TASK BRIEF |
Down to the last line, reproduce the data that follows, but skip the pictures.

DATA EXTRACT |

++++++++++++++++++++

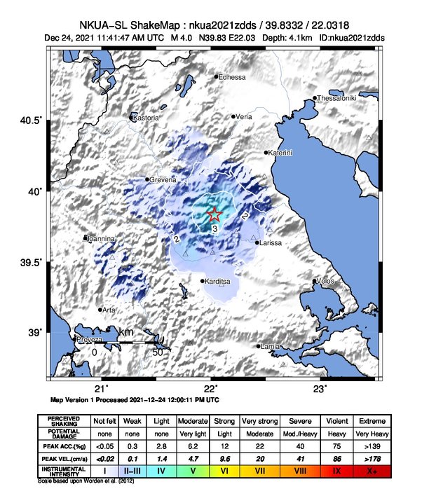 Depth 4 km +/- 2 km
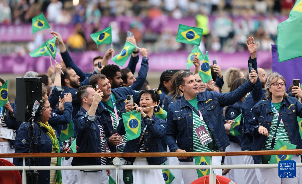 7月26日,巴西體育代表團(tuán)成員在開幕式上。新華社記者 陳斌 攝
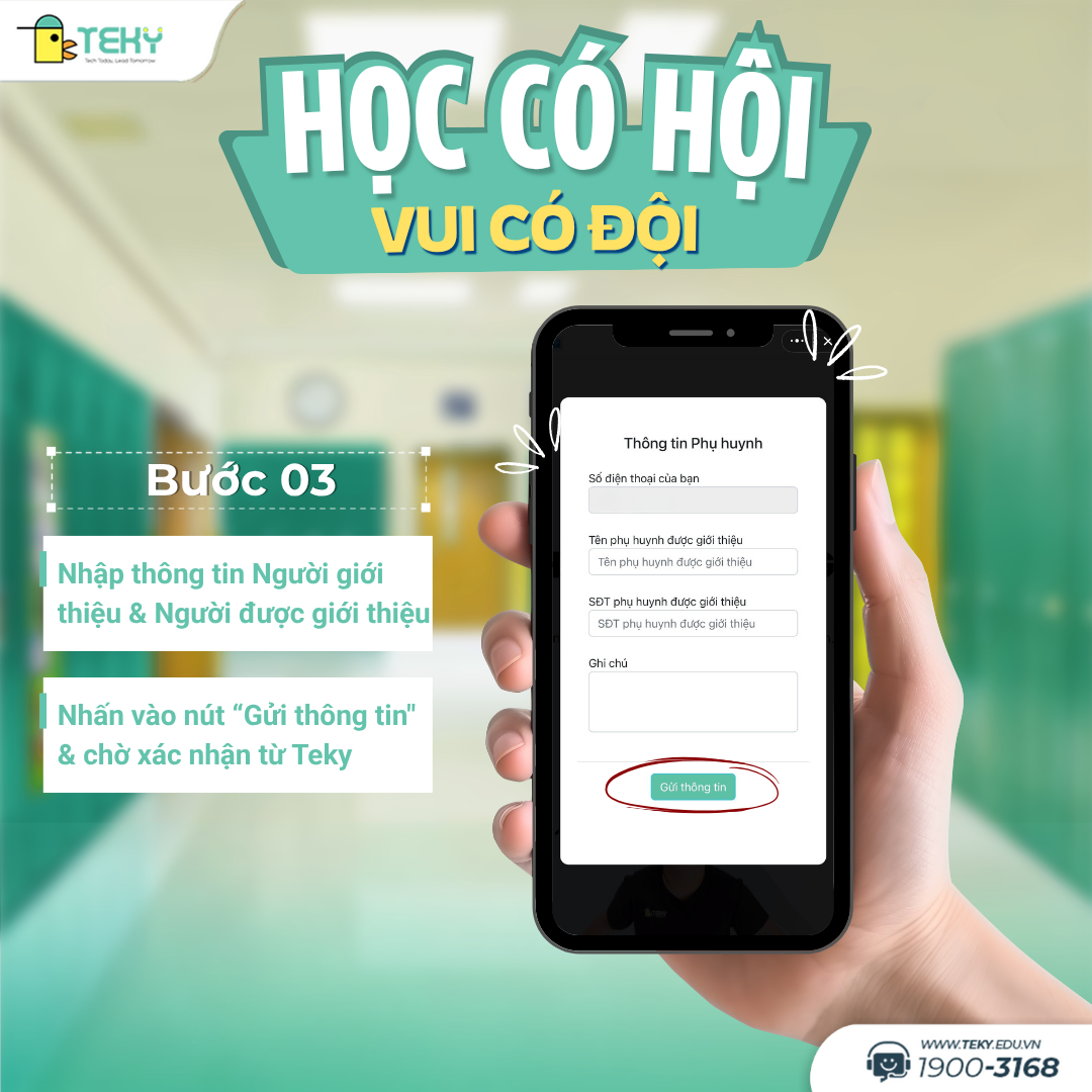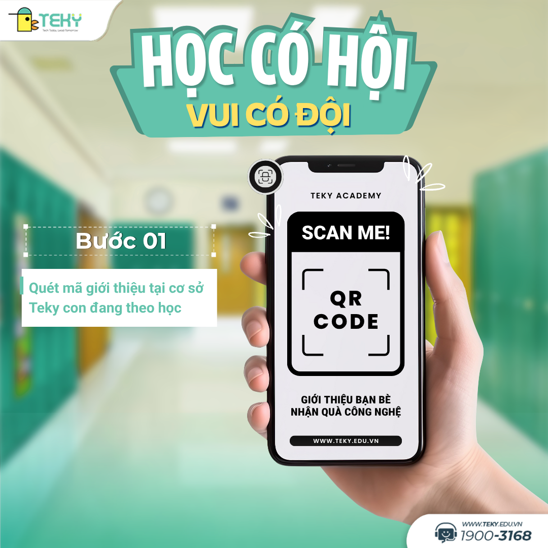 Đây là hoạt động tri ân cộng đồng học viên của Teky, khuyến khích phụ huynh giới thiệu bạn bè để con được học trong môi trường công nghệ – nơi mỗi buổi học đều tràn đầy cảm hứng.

++++++++++++++++++++

TASK RESPONSE |
 Depth 4 km +/- 2 km
 7月26日,巴西體育代表團(tuán)成員在開幕式上。新華社記者 陳斌 攝
 Đây là hoạt động tri ân cộng đồng học viên của Teky, khuyến khích phụ huynh giới thiệu bạn bè để con được học trong môi trường công nghệ – nơi mỗi buổi học đều tràn đầy cảm hứng.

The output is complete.